Severe acute respiratory syndrome coronavirus 2 (SARS-CoV-2) infection can cause potentially life-threatening coronavirus disease (COVID-19). COVID-19 is a multisystem disease and is associated with significant respiratory distress, systemic hyperinflammation, vasculitis, and multi-organ failure. SARS-CoV-2 causes the deterioration of numerous systems, with increasing evidence implying that COVID-19 affects the endothelium and vascular function. The endothelium is important for preserving vascular tone and homeostasis. The overactivation and dysfunction of endothelial cells are significant outcomes of severity in patients with COVID-19. The Angiopoietin 1/Tie 2 pathway plays an important role in endothelium quiescence and vessel stability. The disruption of Angiopoietin/Tie balance affects the vessel contact barrier and leads to vessel leakage, and this in turn causes endothelial dysfunction. Although vascular instability through SARS-CoV-2 is associated with endothelial dysfunction, it is still not understood if the virus affects the Angiopoietin/Tie axis directly or via other mechanisms such as cytokine storm and/or immune response associated with the infection. This review provides an overview of the impact SARS-CoV-2 has on endothelial function and more specifically on the Angiopoietin/Tie pathway.
SARS-CoV-2 对血管生成素/铁轴和血管内皮的影响
严重急性呼吸系统综合征冠状病毒 2(SARS-CoV-2)感染可导致潜在的危及生命的冠状病毒病(COVID-19)。COVID-19 是一种多系统疾病,与严重的呼吸困难、全身炎症、血管炎和多器官衰竭有关。SARS-CoV-2 导致多个系统恶化,越来越多的证据表明 COVID-19 影响内皮和血管功能。
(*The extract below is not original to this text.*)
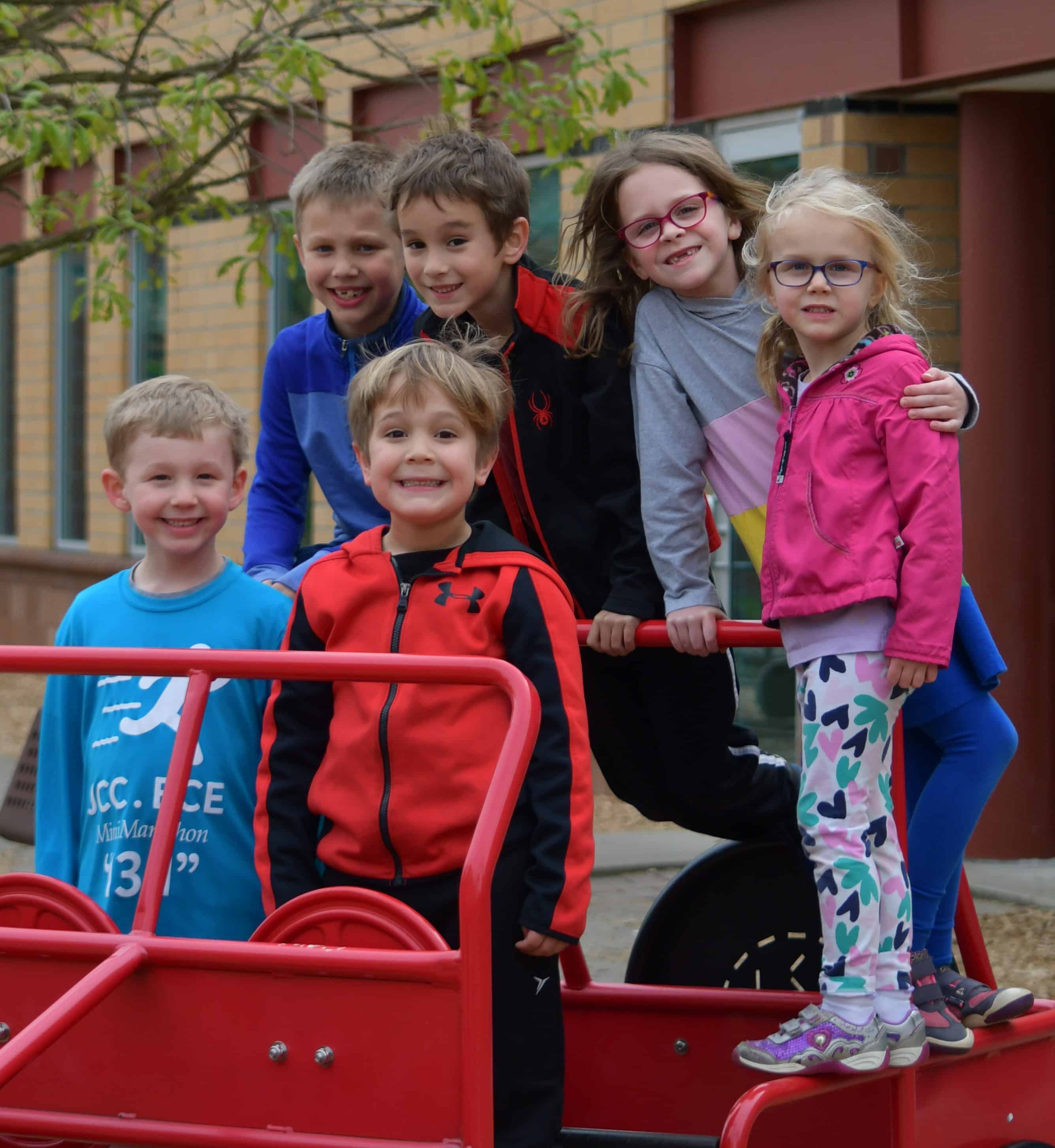 With siblings who are now in ECE. Top row, L-R: James W., Alex J., Katie W., Anna W. Bottom row, L-R: Evan W., Eli J.

内皮对维持血管张力和平衡非常重要。内皮细胞的过度激活和功能障碍是 COVID-19 患者病情严重的重要后果。血管生成素 1/Tie 2 通路在内皮细胞静止和血管稳定性方面发挥着重要作用。血管生成素/铁平衡的破坏会影响血管接触屏障,导致血管渗漏,进而引起内皮功能障碍。虽然 SARS-CoV-2 导致的血管不稳定与内皮功能障碍有关,但目前还不清楚病毒是直接影响血管生成素/铁轴,还是通过其他机制(如细胞因子风暴和/或与感染有关的免疫反应)影响血管生成素/铁轴。本综述概述了 SARS-CoV-2 对内皮功能的影响,特别是对血管生成素/Tie 通路的影响。
本文章由计算机程序翻译,如有差异,请以英文原文为准。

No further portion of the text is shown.